Official Guidance, clarification and syllabus links:

Use of both analytic approaches and technology.

In calculus, the tangent to a curve at a given point is the straight line that "just touches" the curve at that point. This means that the line goes through the point and its slope matches that of the curve at the given point. The slope of the tangent is equal to the derivative of the function at that point. The equation of the tangent line to the curve \( y = f(x) \) at the point \( (a, f(a)) \) is given by:

$$ y - f(a) = f'(a)(x - a) $$

On the other hand, the normal to a curve at a given point is the straight line perpendicular to the tangent at that point.
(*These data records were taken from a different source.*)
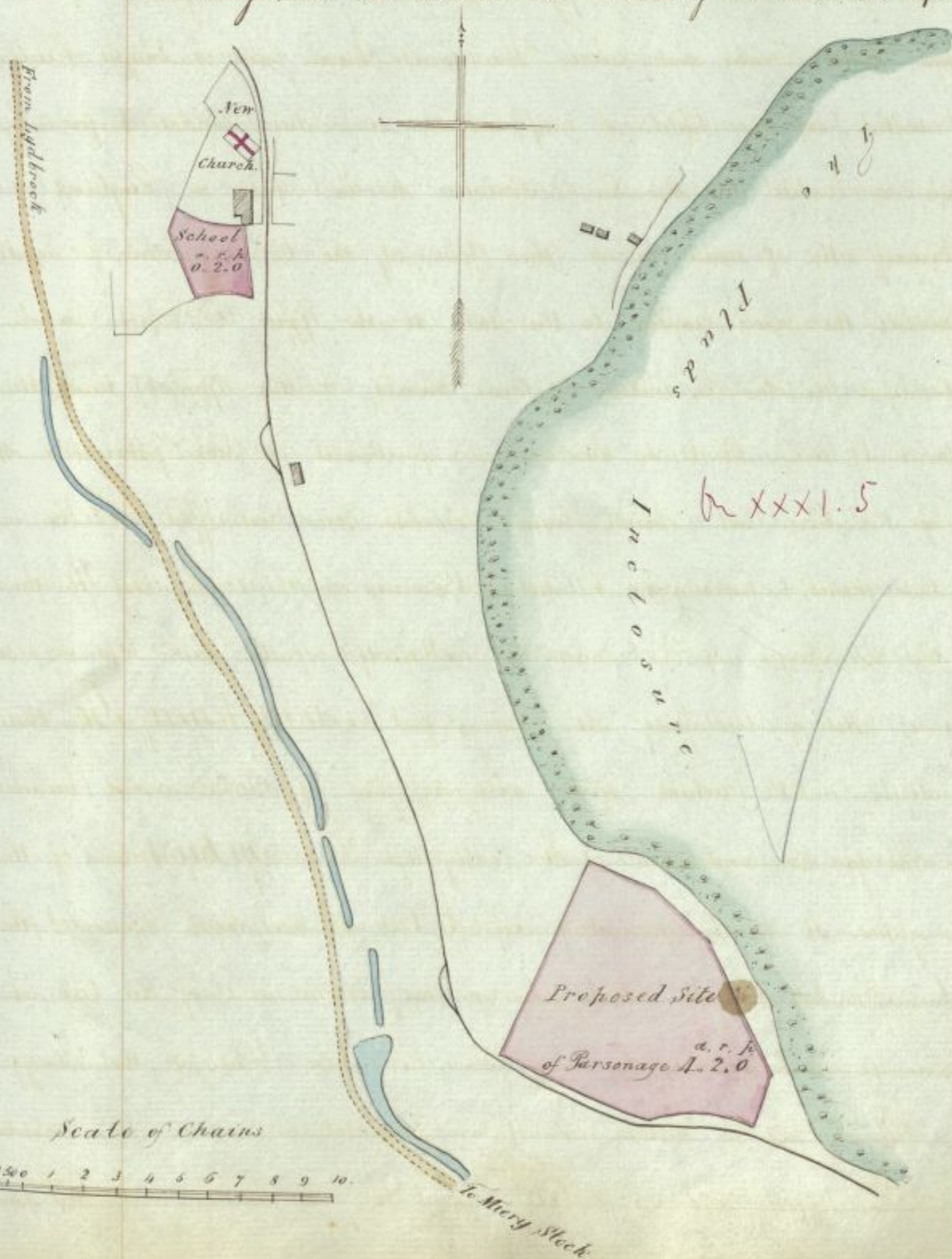
Scale of Chains

Ecclesiastical district of Holy Trinity within the said Forest of Dean and adjoining to the School next the said Church containing by admeasurement half an acre which said pieces or parcels of land are more particularly described in and by the Plan theret drawn in the Margin of these Presents and are thereon colored Red Together with all ways paths passages liberties privileges &c
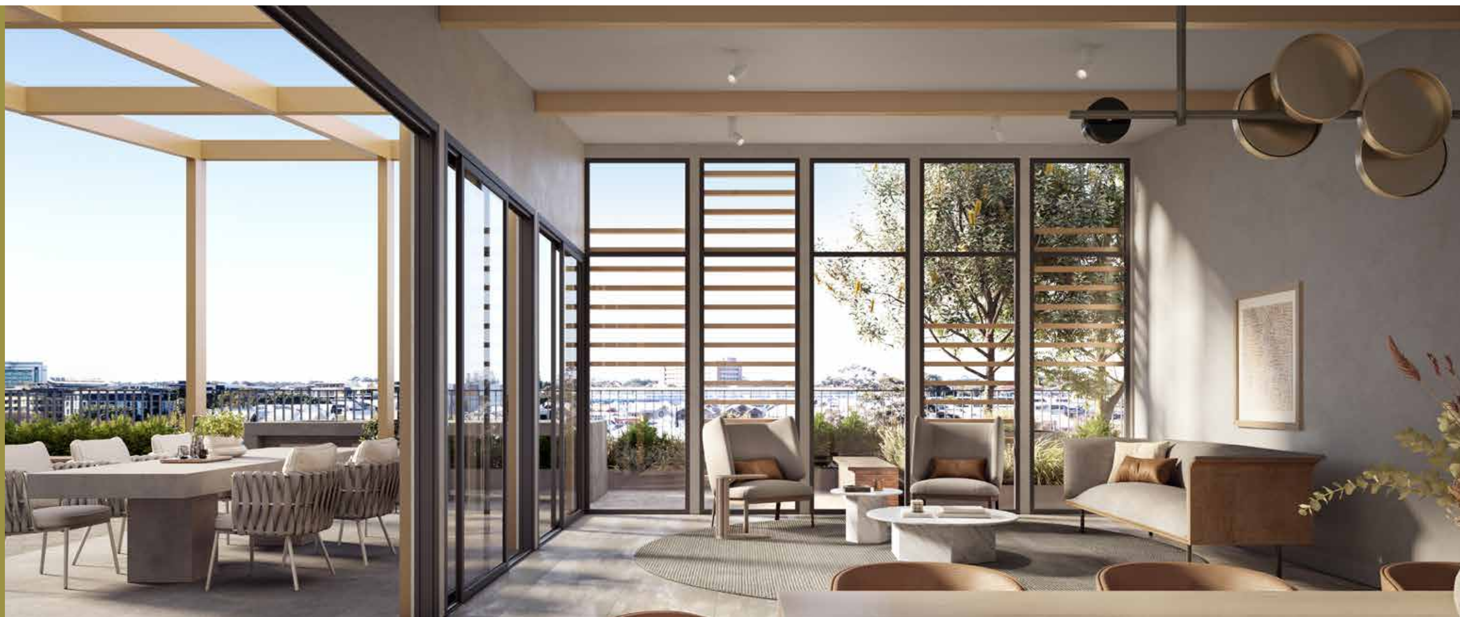
ARTIST IMPRESSION – Flexible Communal Living Space overlooking Garden Terrace.
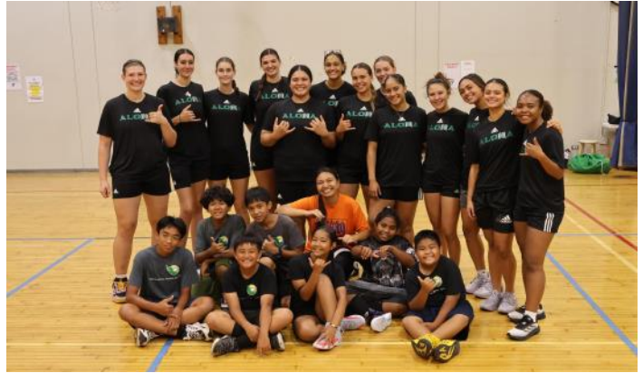
The Y gym was alive with the sound of bouncing balls and cheers from middle schoolers from the After School All Stars programs at Ke'elikolani, Washington, Kalakaua, Jarret, the Y youth program and youth from KKV. With the Wahine players and coaches there were at least 100 participants! Mahalo for your support!
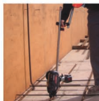
Extension bar (Option)

Using the optional extension bar reduces the risk of back injuries.
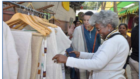
Ethiopian Ambassador to India checking the products in the stall

The reception at Dastkar was encouraging not only for Ethiopian products but also for SEWA Bharat promoted stall Loom Mool. It was not just a good platform for display of products for work of grassroots Ethiopian and Indian artisans but also a unique place for artisans to interact and build market linkages. The exposure was valuable for the artisans and the festival visit followed by interaction and visit for SEWA Bharat's producer company Ruaab and an opportunity for Ethiopian
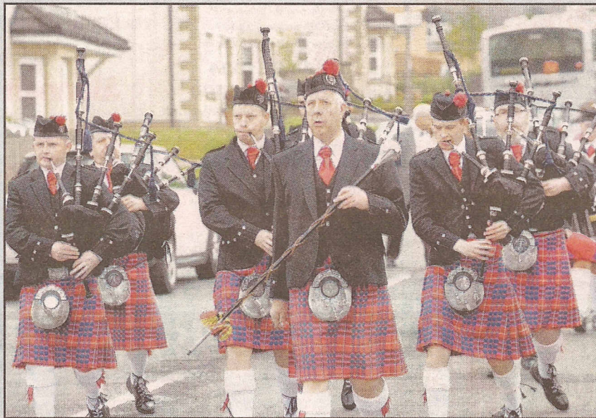
TOP ENTERTAINMENT: Stonehouse Pipe Band piped and also played and danced the Hokey Cokey to the delight of the crowds.
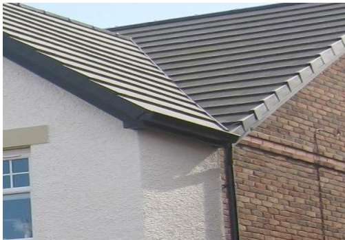
FLAT CONCRETE TILE WITH BLACK PVCu FASCIAS, GUTTERS & DOWNPIPE
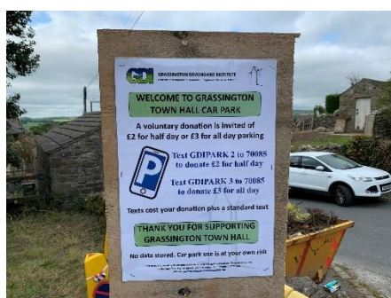
Fig. 3. Notices for the new voluntary donation scheme for the Town Hall car park appeared in August 2021, after a working party of Caretakers, Trustees and volunteers had removed all of the low-hanging branches from the boundary areas. This was a 12 months' scheme, operated by GDI with permission from Grassington Parish Council. All proceeds go to GDI for the upkeep of the building.

Following discussion with and permission of Grassington Parish Council, in August, GDI launched a voluntary donation scheme for parking at the Town Hall car park on Moor Lane. The scheme was based, initially, on donations made via mobile phone to a text number, provided by 'DonR'. This initiative provided some welcome additional funds to support the repair and improvement plans during the year.
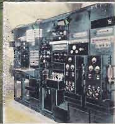
WTMJ'S TRANSMITTER WITH ANTENNAE TOWERS, AND BROADCASTING EQUIPMENT

If the slope of the tangent is \( m \), then the slope of the normal is \( -\frac{1}{m} \). The equation of the normal line to the curve \( y = f(x) \) at the point \( (a, f(a)) \) is given by:

$$ y - f(a) = -\frac{1}{f'(a)}(x - a) $$

Example 1 (Tangent): Find the equation of the tangent to the curve \( y = x^2 \) at the point \( (1,1) \).

First, we find the derivative of \( y = x^2 \), which is \( y' = 2x \). At \( x = 1 \), \( y' = 2 \). Using the point-slope form, the equation of the tangent is:

$$ y - 1 = 2(x - 1) \\ y = 2x - 1 $$

Example 2 (Normal): Find the equation of the normal to the curve \( y = x^2 \) at the point \( (1,1) \).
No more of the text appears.